Emily Butler, a spokesperson for the University of Massachusetts at Amherst’s Cannabis Reform Coalition, said there had been “a simple miscommunication with the police” and “we didn’t mean to mislead anybody.”

“We should not have led them to believe that smoking would be tolerated,” Butler said in an email. “The current (coalition) officers will make sure that this miscommunication does not occur in future years.”

In the days leading up to the event, area publications reported statements from coalition officers saying participants could smoke without consequences, as long as they stayed on the common. The group’s Facebook page, website and newsletter reported the same.

Police Chief Scott P. Livingstone said that was not true.

“We never made any kind of agreement that said police weren’t going to enforce the laws,” Livingstone said Tuesday.

When asked why the police hadn’t corrected the group’s statements before the event, he said, “I don’t know.”

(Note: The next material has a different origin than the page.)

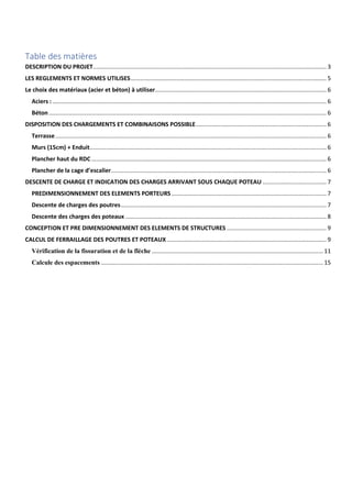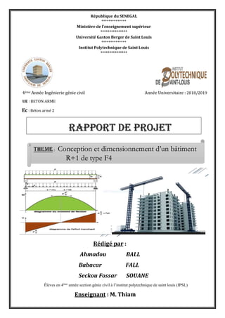 Ce document présente un rapport de projet pour la conception et le dimensionnement d'un bâtiment de type F4 à Dakar, réalisé par des étudiants en génie civil. Il décrit les réglementations, normes, matériaux utilisés, ainsi que les calculs de charges et le ferraillage des éléments porteurs. Le projet vise à répondre aux besoins en logements sociaux dans la région.

Livingstone said he believed the number of attendees over the weekend was 7,000. Sgt. Jesus Arrocho said a total of 17 citations had been issued and no arrests had been made.

“Violations that officers saw, they took action on,” said Livingstone. “The police presence that was there this year was the same that has been there for the past 19 years."

There were officers patrolling the area around the common and plainclothes officers in the crowd, he said.

Coalition treasurer Adam Freed said the confusion came from the fact that it was difficult to monitor every statement made by every member of the group, most of whom are new and unfamiliar with the CRC’s messages and policies.

“We are working kind of like with a blank slate,” he said. “We don’t know what’s going on and that’s why the wrong things were said.”

“The only thing that’s tolerated is us holding the event in the first place,” said Freed. “Our message is (marijuana) ... is still decriminalized.”

He said he heard a few stories that citations were issued after police entered the common to confiscate drug paraphernalia, then asked suspects to step off the common and receive a ticket. The coalition had repeatedly said smoking was allowed on the common.

Three of the 17 people who received citations have come to the group to seek a solution to their legal problem, he said.

“We’d be happy to have more come forward to us and have a discussion about it,” he said. “We feel bad for the misinformation they received from the group.”

“We as a group are going to try to do whatever we can to help those who were issued citations,” said Butler in an email.

Livingstone said he plans to meet with the coalition members to discuss plans to hold a 21st annual Extravaganja next year.